→ Definition: Beim Epiduralhämatom handelt es sich um eine Blutung zwischen Dura mater cerebralis und Schädelkalotte bzw. intraspinal zwischen Stratum meningeale und periostale der spinalen Dura. Zumeist kommt es zum Zerreißen der A. meningea media oder ihrer temporalen (bzw. temporoparietalen 75% der Fälle), frontalen (11%) oder okzipitalen Äste. Es stellt in dern Neurochirurgie immer einen absoluten Notfall dar.
→ Epidemiologie:
→ I: Das Epiduralhämatom wird in 1-3% der Schädel-Hirn-Trauma diagnostiziert und tritt somit deutlich seltener als das Subduralhämatom auf.
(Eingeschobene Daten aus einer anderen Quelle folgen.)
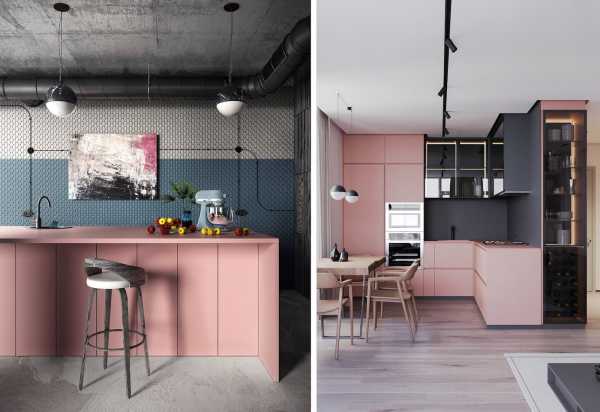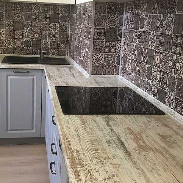 Актуальны в 2019 году фактурные кухонные фасады под бетон, дерево, камень.

→ II: Der Manifestationsgipfel liegt in der jungen Adoleszenz (20.-30. Lebensjahr), wobei Männer deutlich häufiger betroffen sind.
→ Ätiologie:
→ I: Traumatisch: (häufigste Ursache, zumeist aufgrund einer Fraktur der temporoparietalen Schädelkalotte) Nicht selten durch Sturz oder Schlag auf den Kopf, aber auch im Zusammenhang mit einem Verkehrsunfall. Hierbei manifestieren sich insbesondere arterielle Blutungen aus der A. meningea media (in 75% der Fälle), seltener durch Läsionen der Duravenen oder des Sinus sagittalis/transversus. Eine akut blutende meningeale Blutung verursacht eine rasch wachsende Raumforderung, wodurch das Hirnparenchym durch den Tentoriumschlitz nach kaudal gedrückt wird; dies stellt eine absolute Nofallsituation dar, die letal enden kann.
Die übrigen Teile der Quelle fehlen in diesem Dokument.